Average number of eggs produced by females mated three times with a single male (monoandry) or once with each of three males (polyandry). (Online version in colour.)

(b). The bias introduced by inferring mating success from offspring parentage

Overall, 29.4% of the pairs that were observed mating did not sire offspring together and were therefore missed by estimates of mating success based on genetic parentage assignment (i.e. male and female MSgen). When taking into account matings that did not result in fertilization by correcting data on mating success based on parentage with behavioural observations (MStot), the opportunity for sexual selection on mating success dropped in males (male IS = 0.34 [CI: 0.16; 0.53]) and became null in females (female IS = 0.03 [CI: −0.06; 0.09]; table 1). Similarly, when correcting data on mating success based on parentage with behavioural observations, the variance in mating success explained 42.5% of the variance in male reproductive success and only 5.4% of the variance in female reproductive success (table 1). Correcting data on mating success based on parentage with behavioural observations also greatly changed the models estimating male and female Bateman gradients (table 1). The Bateman gradient remained significantly positive in both males and females (table 1) after correcting data on mating success based on parentage with behavioural observations. However, both male and female gradients were reduced, indicating that the traditional use of mating success based on offspring parentage can lead to considerable errors in the estimates of both unstandardized and standardized Bateman gradients for males and females (table 1).

(c). The multivariate measure of Bateman's principles

Taking into account the covariances between male components of reproductive success explained more than 96% of the opportunity for selection in males (I), resulting in a significant improvement on the explanatory power of male reproductive success and in a lower AIC than that of the univariate model based on MStot (table 1). This multivariate model identified three independent sources of selection on male reproductive success: mating success (i.e. Bateman gradient), mate fecundity and paternity share (table 1), and revealed that, by failing to control for covariances between these components of male reproductive success, the traditional univariate approach overestimated the male Bateman gradient by more than 153% of the unbiased selection gradient (table 1).
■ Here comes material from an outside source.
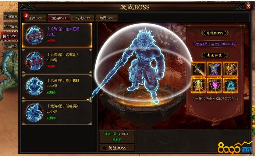 玩家每日可获得3次神武BOSS归属机会,获得神武BOSS归属奖励会扣除1次归属次数。归属次数为0时,将无法对神武BOSS造成伤害。
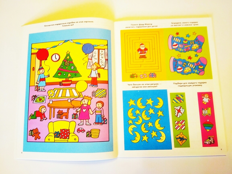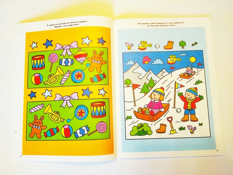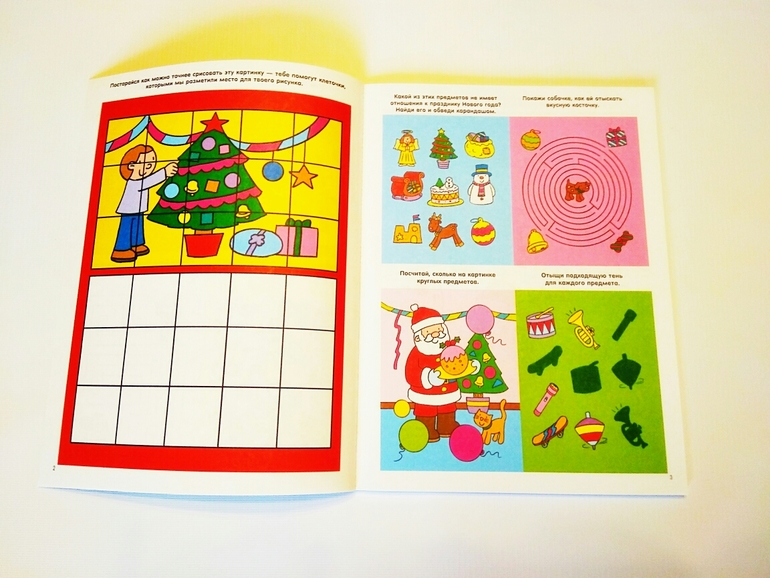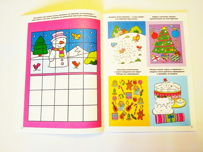 Также много рисовалок (дорисовалок, перерисовалок и пр.) и раскрасок. Что понравилось - ребенок может сам заниматься по ней. Задания интуитивные, в основном присутствие взрослого не нужно. Крепление клеевое, но страницы разворачиваются хорошо, можно даже разобрать по листам при желании.

Again, the use of standardized gradients qualitatively agreed with this result (table 1).

(d). The significance of female Bateman gradients

Contrary to the predictions of the adaptive hypothesis and consistent with those of the null hypotheses, we found that the probability of laying an egg did not change with time (i.e. throughout the duration of a trial), but was consistently higher for females with higher mating success (MStot: Inline graphic p = 0.01, day: Inline graphic p = 0.88, day × MStot: Inline graphic p = 0.78).

In the controlled mating experiment, females did not produce more eggs when they were mated to different males (polyandry) than when they were repeatedly mated to the same male (monoandry, t = −0.41, d.f. = 12, p = 0.69; figure 2).

4. Discussion

Bateman's principles are a cornerstone of modern sexual selection theory, yet intense recent debate has called into question their measure and relevance in studying sex differences [18,21,6164]. Our study contributes to this ongoing debate by demonstrating that the traditional use of MSgen can generate severely misleading estimates of Bateman's principles. Because matings can fail to result in fertilization, particularly in polyandrous species, the number of females with whom a male mates successfully can only be as great as the number of females with whom he sires offspring and typically lower than this (i.e. MStot ≥ MSgen). This inequality means that inferring mating success from offspring parentage is likely to introduce a systematic bias, by overestimating the opportunity of sexual selection on males. Importantly, for a constant share in paternity and mate fecundity, the total reproductive success of a male is directly proportional to his mating success inferred from offspring parentage but is independent from residual mating success that fails to result in paternity. Failing to consider this latter component of mating success is therefore likely to overestimate the steepness of the male Bateman gradient [17], and, because the probability of fertilizing at least one egg increases with clutch size, this bias is likely greater in species with smaller clutches.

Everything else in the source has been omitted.